# Differential Equations with Discontinuous Forcing Functions

1. Nov 24, 2014

### _N3WTON_

1. The problem statement, all variables and given/known data
Solve the given initial value problem:
$y'' + y = u(t-\pi) - u(t-2 \pi)$
$y(0) = 0$
$y'(0) = 1$

2. Relevant equations

3. The attempt at a solution
First I took the Laplace transform of both sides:
$\mathcal{L}[y'' + y ] = \mathcal{L}(u(t-\pi)) - \mathcal{L}(u(t-2 \pi))$
$(s^{2}Y(s) - sy(0) - y'(0)) + Y(s) = \frac{e^{-\pi s}}{s} - \frac{e^{-2 \pi s}}{s}$
$s^{2}Y(s) - 1 + Y(s) = \frac{e^{-\pi s}-e^{-2 \pi s}}{s} + 1$
$Y(s)(s^{2}+1) = \frac{e^{-\pi s}-e^{-2 \pi s}+s}{s}$
$Y(s) = \frac{e^{-\pi s}-e^{-2 \pi s} + s}{s(s^{2}+1)}$
At this point I get stuck, I tried doing a partial fraction decomp, but that didn't seem to get me anywhere closer to the solution..

2. Nov 24, 2014

### LCKurtz

I haven't checked your algebra, but assuming it is correct you need to use the formula$$\mathcal Lf(t-a)u(t-a) = e^{-as}\mathcal L(f(t)) = e^{-as}F(s)$$So if you have a transform $F(s)$ that is multiplied by $e^{-as}$ all you have to do is invert the $F(s)$ to $f(t)$ then truncate and translate it go get $f(t-a)u(t-a)$. So just break up your problem into three fractions and work them separately.

3. Nov 24, 2014

### _N3WTON_

ah, ok.. So I'll have something like:
$Y(s) = \frac{e^{-\pi s}}{s(s^{2}+1)} - \frac{e^{-2\pi s}}{s(s^{2}+1)} + \frac{1}{s^{2}+1}$
Then I would do a decomposition on this last fraction and then apply the inverse Laplace?

4. Nov 24, 2014

### LCKurtz

Yes.
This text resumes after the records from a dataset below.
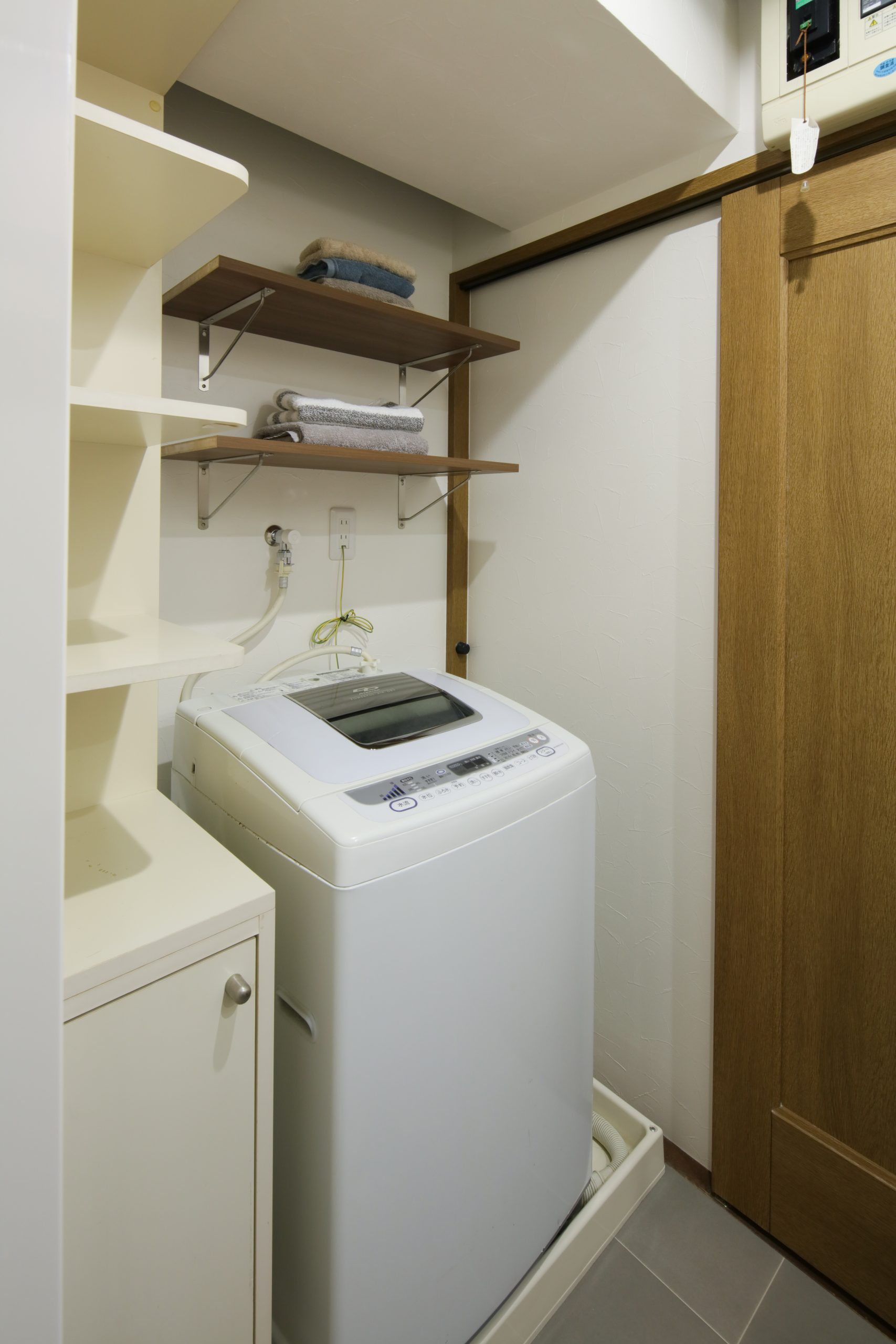 洗面化粧台から造作洗面台に取替え、垂れ壁撤去、システムバス取替え、クロス貼替え、床張替え、収納棚設置 -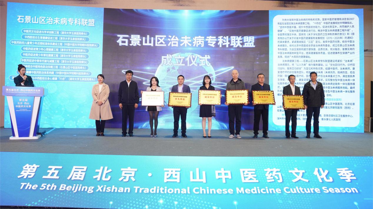 在开幕式的发布环节中,举行了石景山区治未病专科联盟成立仪式,并为唐启盛、高彦彬、冯兴中、谢立科等四位首都名中医颁发首都名中医“上工治未病”指导老师聘书。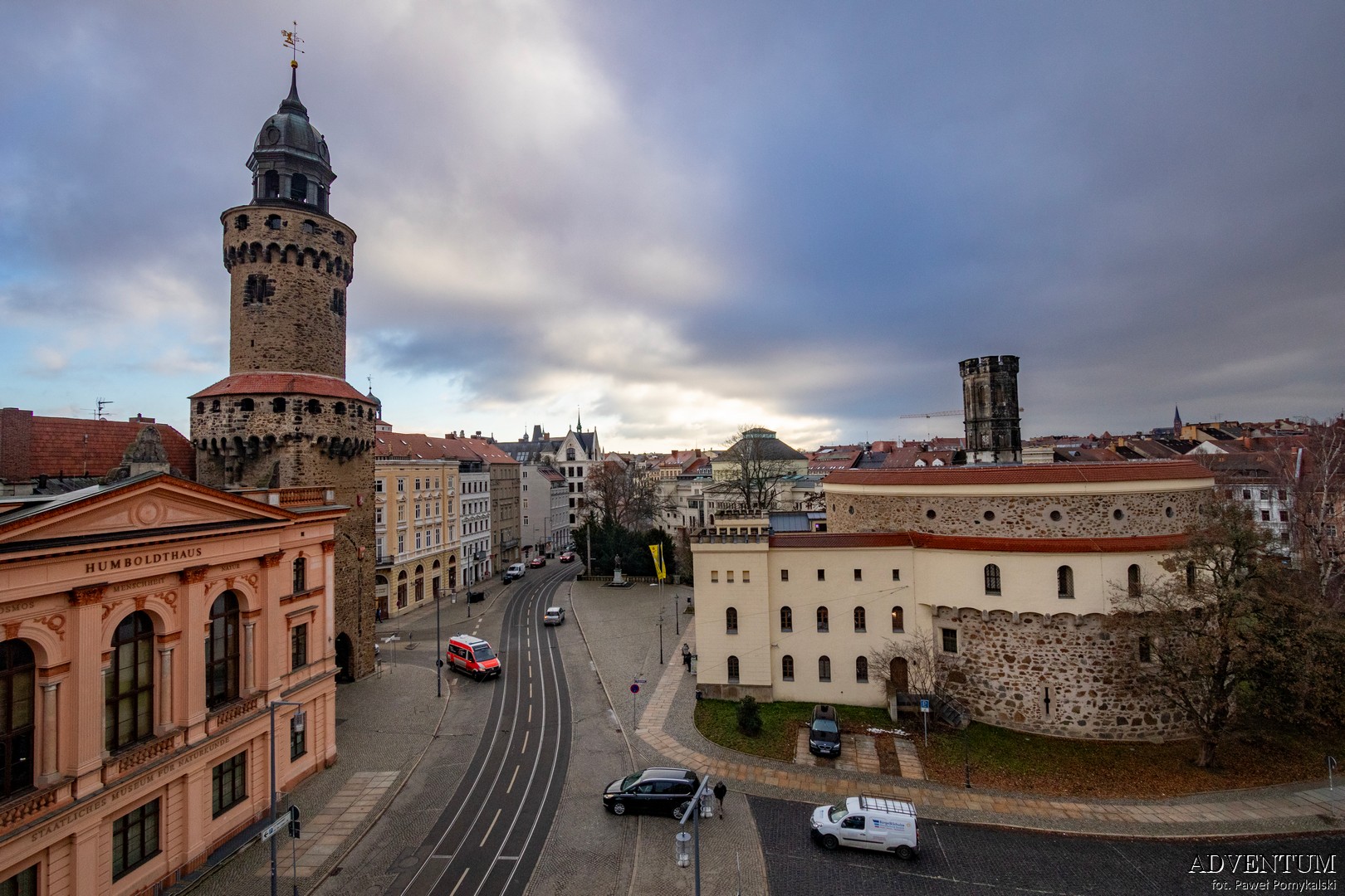 Okolica, w której stoi dom towarowy jest bardzo wielkomiejska i znów odnosimy wrażenie, jakbyśmy byli znacznie większym mieście, niż 50-tysięczne Görlitz jest w rzeczywistości. Widać to na przykład na Postplatz, kolejnym rozległym placu pełnym pięknych budowli, na deptaku Berliner Strasse, przy którym trafiamy do pięknego zadaszonego pasażu handlowego Otto Strassburga z 1907 roku, czy na niezliczonej ilości ulic z jasnymi strojnymi kamienicami. Bodaj najpiękniejszym zaułkiem jest rozwidlenie Berliner Strasse oraz Salomon Strasse, przy którym stoi piękny narożny budynek z przyjemną kawiarnią.

Use the formula on each of the first two and do the third one by itself. Then add the three answers.

5. Nov 24, 2014

### _N3WTON_

ok...I'm getting a lot of terms so I wanted to make sure I'm doing this correctly. For my decomposition I found:
$\frac{1}{s(s^{2}+1)} = \frac{1}{s} - \frac{s}{s^{2}+1}$
Therefore, I found the following:
$Y(s) = \frac{e^{-\pi s}}{s} - \frac{se^{-\pi s}}{s^{2}+1} - \frac{e^{-2\pi s}}{s} + \frac{se^{-2\pi s}}{s^{2}+1} - \frac{1}{s^{2}+1}$
So after applying the inverse Laplace I get:
$y(t) = u(t - \pi)-\cos (t-\pi)u(t-\pi) - u(t -2\pi)+\cos (t-2\pi)u(t-2\pi)+\sin t$
The above answer can probably be simplified, but I'll worry about that later :)

Last edited: Nov 24, 2014
6. Nov 24, 2014

### LCKurtz

That's the idea. Hopefully it's starting to look more like your given solution.

7. Nov 24, 2014

### _N3WTON_

It definitely looks close, the given solution is:
$\sin t + u(t-\pi)(1-\cos (t-\pi)) - u(t-2\pi)(1-\cos (t -2\pi))$
I need to check and make sure my signs are okay, but I think I've got the hang of it, thanks for the help!